Sociólogo y editor independiente. Actualmente es Coordinador General de Provea.

Rafael Uzcátegui | Los últimos hechos ocurridos en Venezuela parecen congelar la posibilidad de un cambio político negociado a corto plazo. Sin embargo, la desesperación por lograr el cese de la usurpación no puede hipotecar los principios éticos y morales que, con mucha dificultad, se han ido incorporando en la narrativa de la ofensiva democrática en el país.

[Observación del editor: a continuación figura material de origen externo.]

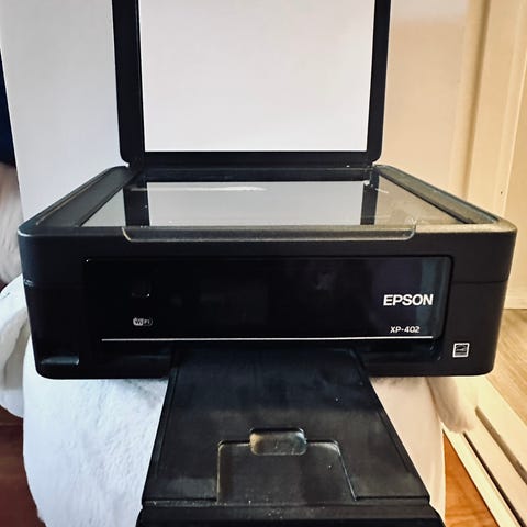Epson XP-2200 multifunksjonsskriver i svart. Enheten kombinerer skriver, skanner og kopimaskin i én kompakt løsning. Skriveren har toppmating for papir og frontskuff for utskrifter. Flatbed-skanneren gjør det mulig å skanne og kopiere dokumenter og bilder fra glassplaten under lokket. Passer til vanlig hjemme- og kontorbruk der det er behov for både utskrift og skanning/kopiering i én enhet.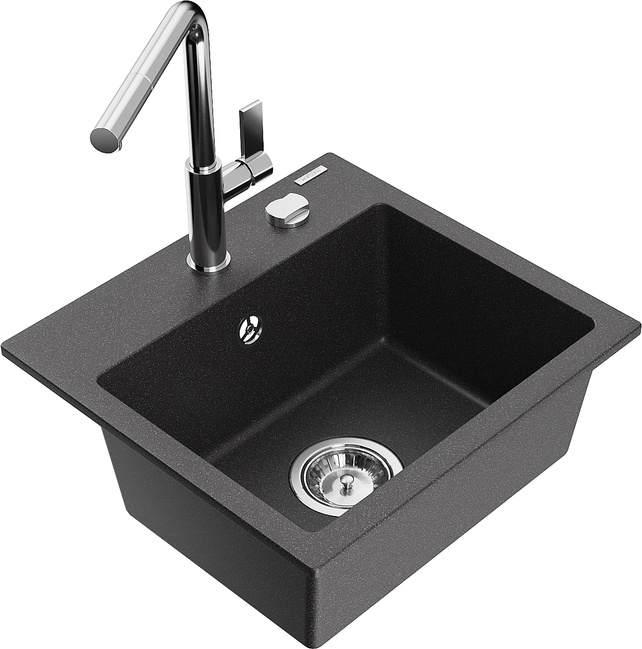 Mexen Milo granieten spoelbak met 1 bak met keukenmengkraan Flora, zwart gespikkeld - 6505-76-670401-00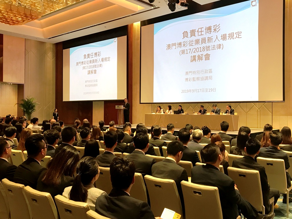 经第17/2018号法律修改的第10/2012号法律《规范进入娱乐场和在场内工作及博彩的条件》(下称“进入娱乐场法”)中有关博彩从业员工余时间禁止进入娱乐场的规定将于2019年12月27日起正式生效。为让博彩从业员清楚掌握有关规定及执行措施,博彩监察协调局于早前为六间博彩企业举行讲解会,出席者包括博彩企业及博彩中介人雇员。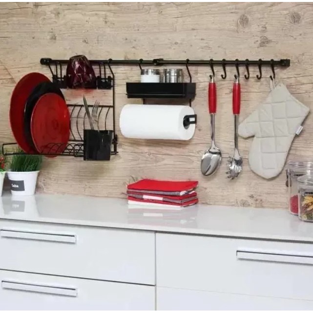 Kit Cozinha Barra Suspensa Escorredor Porta Tempero Rolos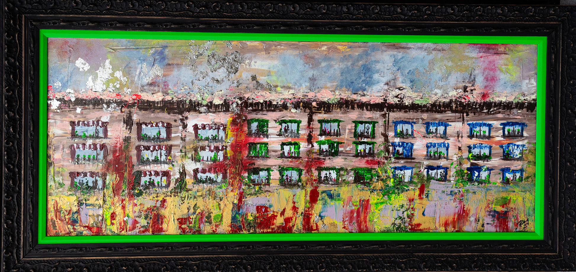This painting is all about the vibrancy of city living. I was lucky enough to go to Palma last year on a girls’ trip with my three darling friends. One of our best decisions in a long time was to ensure that we always tried to go away for three or four nights to somewhere in the world every October. And in 2024, that city was Palma.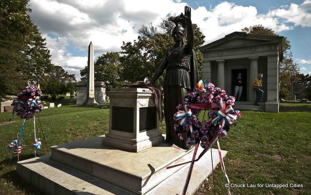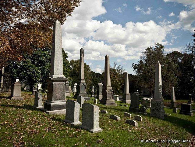Green-Wood cemetery is visited by an estimated half a million locals and tourists a year. The grounds offer astounding views of the Statue of Liberty, the Manhattan skyline and the New York Harbor. The vast 478 acres is the home to 560,000 deceased who include Civil War veterans, Leonard Bernstein, Boss Tweed, Jean-Michel Basquiat and Samuel Morse. Many visit the cemetery to admire the above-ground burials in the catacombs. The catacombs consist of 30 vaults. And, in many cases, one family owns each vault.

En la teoría sobre la acción colectiva, que intenta explicar por qué la gente se moviliza para exigir cambios en su entorno, se ha concluido que los agravios e injusticias sociales no son suficientes, por sí mismos, para iniciar una protesta masiva. Siguiendo la reflexión de Salvador Martí y Puig, académico de la Universidad de Girona en España sobre los movimientos sociales, para que se genere un movimiento por el cambio debe existir una conciencia de la situación, por un lado, y un discurso que interprete y comunique la relación de esa realidad injusta con las políticas emanadas por el poder de turno. Además de lo pedagógico, el discurso debe justificar, dignificar y animar a la acción colectiva. De esta manera tiene la capacidad de sacar el descontento individual del ámbito privado, donde se padece como consecuencia de una humillación, elevándolo a la dimensión pública como parte de un rechazo grupal al abuso, con lo que su expresión abierta se dignifica desde el “nosotros”. Al identificar un blanco para los agravios, el discurso también comunica las reivindicaciones y fomenta símbolos capaces de movilizar a la gente. 

Snow y Benford han señalado que un movimiento social es un actor político colectivo, creador de significados con el objetivo de desafiar los discursos sociales dominantes y exponer una forma alternativa de definir e interpretar la realidad. Por ello, tan importante es la acción política concreta como la elaboración de una narrativa que lo acompañe, la legitime y la refuerce. Este discurso crea una visión compartida para todos los que confluyen en el movimiento, utilizando elementos ya existentes en la sociedad (referentes culturales y episodios históricos), así como valores y principios que antagonizan con lo negativo que representa el poder de turno.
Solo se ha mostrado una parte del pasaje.